None of these directors, or Nolan for that matter, have a similar aesthetic. Indeed, Kubrick and Spielberg are diametrically opposed since one filmmaker is considered by cinephiles to be the greatest artist in the medium, hailing absolutely from a coldly intellectual perspective, and the other was the Baby Boomer equivalent of Walt Disney with his unashamed embrace of sentimentality. But both knew better than anyone at how to seduce, dazzle, and entertain the audience—and they did so in separate ways that the other famously envied. Kubrick’s sensibility to make personal, cerebral meditations that could become box office success stories, and Spielberg’s crowd pleasers that could also feature transcendent sequences like the USS Indianapolis moment in Jaws, was the reason the two finally collaborated on A.I.
But also like Nolan, backlash could always be imminent. Consider that while A Clockwork Orange made over $20 million on a $2 million budget, it was also rated X and eventually banned in the UK (on Kubrick’s request) after a year of protests. Two films later, Kubrick’s The Shining was a sleeper genre hit in 1980 that got no Oscar love, but received two Razzie nominations. Now both films are considered deconstructionist classics.
All this brings me back to Christopher Nolan, a director who after Following and Memento was the toast of art house theaters. He then was hired by Warner Bros. to remake a Norwegian film called Insomnia and never looked back.

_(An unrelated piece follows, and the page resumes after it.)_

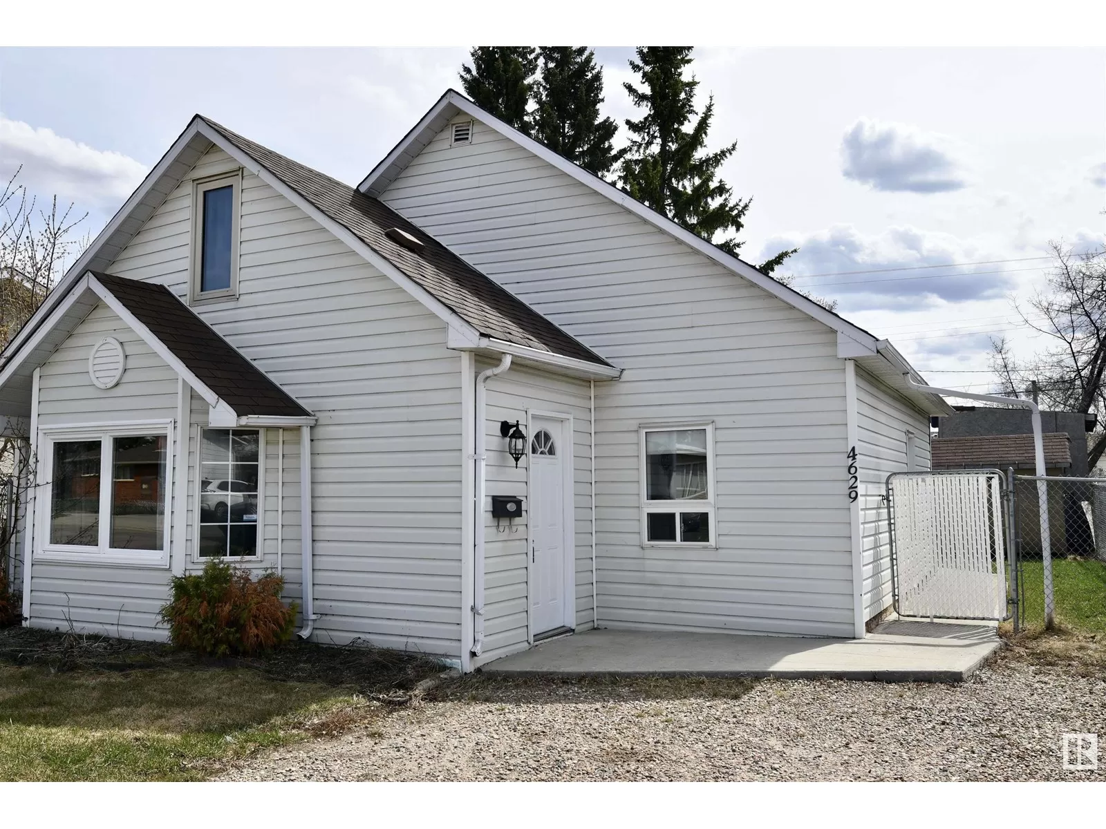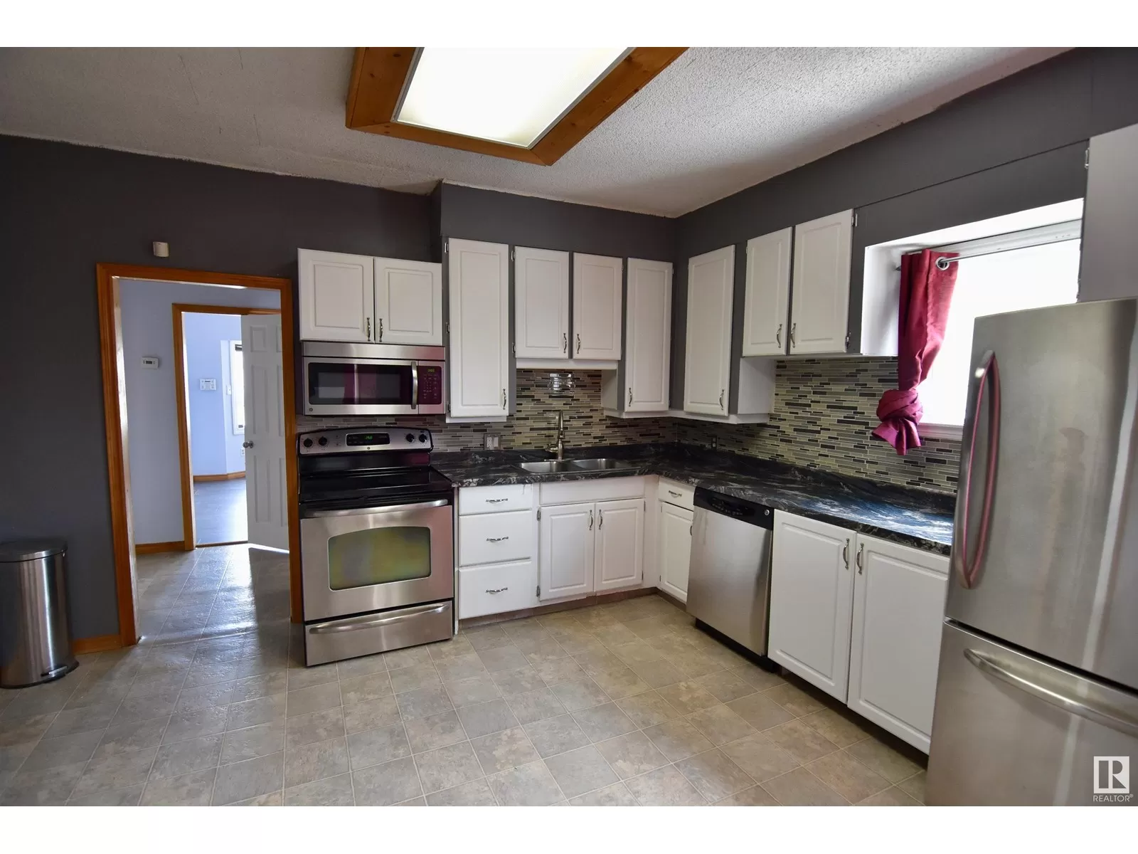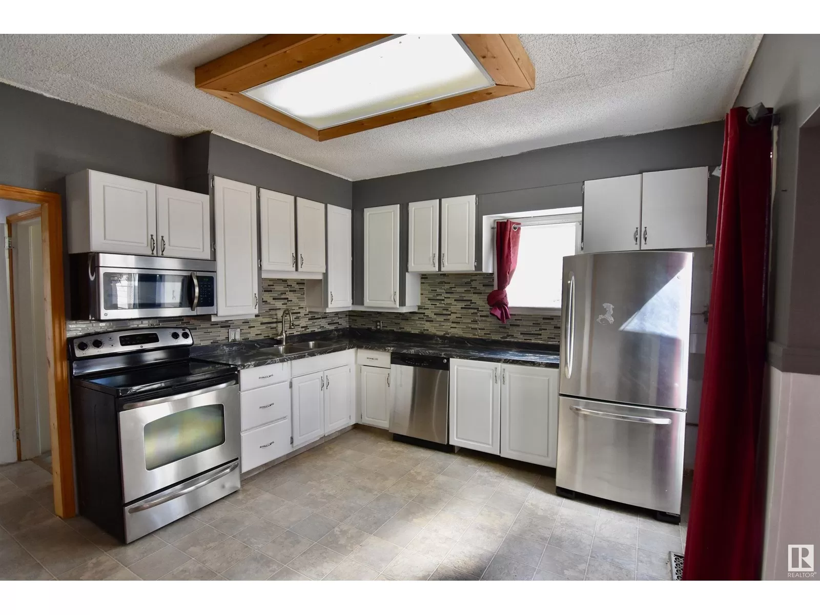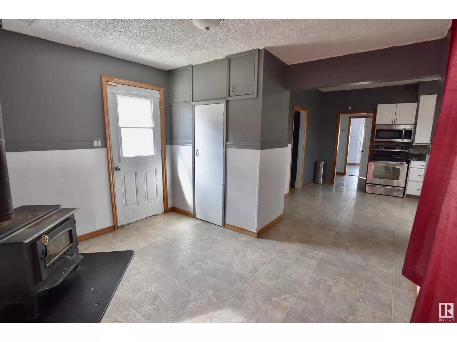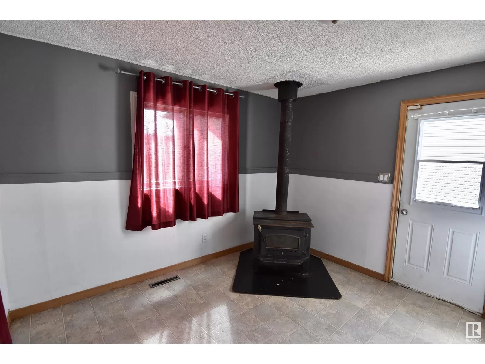Unique character home close to schools! Tired of cookie-cutter homes? This 1940, 3 bedroom home is apt to catch your attention. The front living room boasts vinyl plank flooring, a bright bay window and a traditional tray ceiling. The eat-in kitchen has seen some updates and features white cabinetry, modern back splash & stainless steel appliances. The back entrance is is cozy with its wood stove and seating area. You'll find 2 bedrooms on the main floor, one featuring the laundry facilities. Upstairs is one more charming bedroom and flex space that's ideal for a play area, reading area or extra storage. Outside is fully fenced with 2 storage sheds and a small patio area. With a bit of your own elbow grease and imagination, this could be your ideal first home or possibly a rental for some additional income. (id:27476)

Since going to Hollywood, Nolan has become synonymous with blockbusters, explosive budgets, and high concept projects like the Batman franchise and “dream machines.” After almost every effort, critical and box office accolades have followed, but so has a rising chorus of discontent, which grows only louder the more successful he becomes. Obviously, all opinions are fair, but more than any filmmaker of his generation, Nolan has been able to move the paradigm of Hollywood moviemaking, for both the elite and mainstream franchising. And the more that he becomes an industry leader, the more noticeable the backlash waves on both ends of the culture rise.
For example, consider the most successful film Christopher Nolan has helmed to date, 2008’s The Dark Knight. As the only superhero movie to ever enjoy serious award consideration, its Best Picture snubbing was so insipidly received that the Academy forced itself (with much inside aggrievement) to raise the number of potential Best Picture nominees to 10—which noticeably did little to help mainstream favorites last year like Interstellar or David Fincher’s Gone Girl.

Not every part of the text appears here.